MPU6050 - DMP values and Gimbal lock

Hello everyone,

I am actually doing some tests with the MPU6050 in order to get the position and orientation of an object in space (it’s part of my bachelor thesis).

By looking at Jeff Rowberg’s work, i’ve seen that the function “dmpGetQuaternion” is able to directly get the quaternions, which can be transformed to angles (Eulor or Yaw-pitch-roll) with some formulas. It also has a function to get X, Y and Z acceleration components.

My questions are the following :

  1. How is it possible that the DMP (Digital Motion Processing) is able to directly give the angle components, while it doesn’t give position nor velocity components, but only acceleration ? From what I understood, the gyro gives velocity components, so there has to be some math done by the DMP in order to get angle components… or am I missing something?
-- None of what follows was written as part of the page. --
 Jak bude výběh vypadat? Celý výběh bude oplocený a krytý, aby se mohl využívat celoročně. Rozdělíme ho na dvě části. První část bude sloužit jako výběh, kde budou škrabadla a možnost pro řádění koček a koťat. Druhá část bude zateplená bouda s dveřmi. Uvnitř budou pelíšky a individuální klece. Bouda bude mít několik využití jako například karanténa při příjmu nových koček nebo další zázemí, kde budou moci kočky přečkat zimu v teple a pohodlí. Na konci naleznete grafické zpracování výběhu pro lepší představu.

  2. Does anybody know how the reference axis behave ? I’m note sure to understand how does Gimbal lock occur inside the MPU6050. I’ve read that it happens when 2 axis align, and it causes the loss of 1 degree of freedom. But how exactly can 2 axis be aligned ? Do they not move together ?
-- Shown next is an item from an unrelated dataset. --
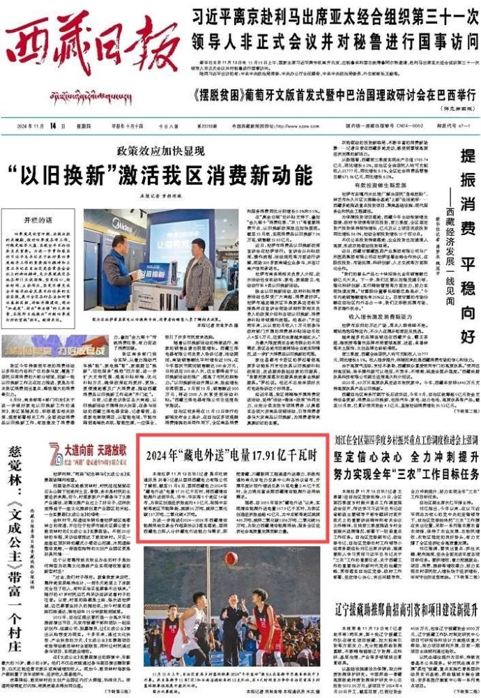 西藏日報丨2024年“藏電外送”電量17.91億千瓦
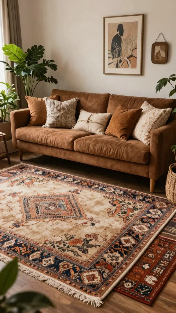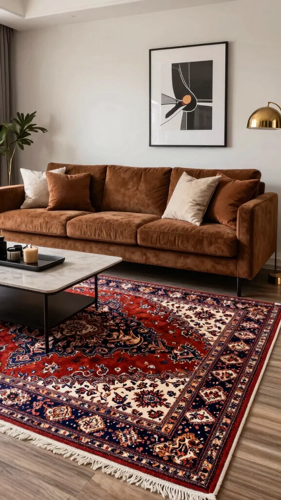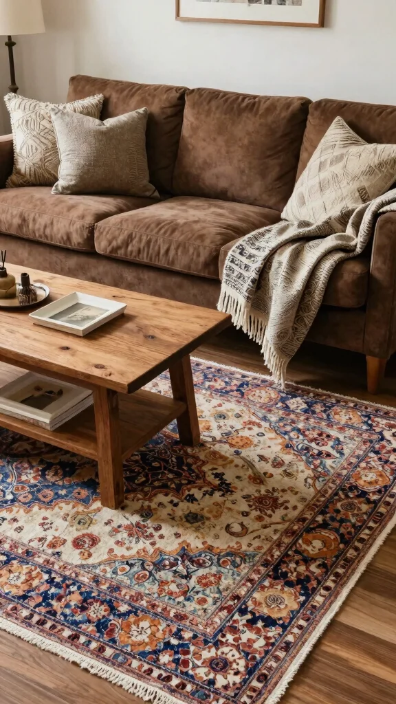 Vintage rugs add a distinctive charm and history to your decor. Often showcasing faded colors and intricate designs, they can beautifully enhance a brown couch while creating a cozy atmosphere. Each vintage piece tells a story, infusing your living area with character and warmth.

Thank you very very very much to anybody able to help me with those questions.

Cheers !

A gyro, rate gyro, is going to give the rate of precession.

Tilt angle can be had by measuring the acceleration felt and converting that to tilt angle. Also, using the accelerometers one can get velocity.
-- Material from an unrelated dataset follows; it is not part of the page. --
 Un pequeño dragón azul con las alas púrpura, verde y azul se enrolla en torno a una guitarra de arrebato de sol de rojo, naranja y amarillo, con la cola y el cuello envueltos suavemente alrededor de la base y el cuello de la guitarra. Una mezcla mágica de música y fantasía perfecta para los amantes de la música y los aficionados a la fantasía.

For gimbal lock, imagine you have a 3 axis counter torqued gimbaled inertial platform and that gimbal is positioned at the north pole with the +X axis sitting on the prime meridian, and the -Y axis pointed at the center of the earth.

I use the MahonyQuaternionUpdate to get quaternions converted to the Euler angles, converted to counter torque values to keep a X/Y platform level. Works great and with some good starting numbers for the Mahony filter and fusion scheme, only gets better as time goes on.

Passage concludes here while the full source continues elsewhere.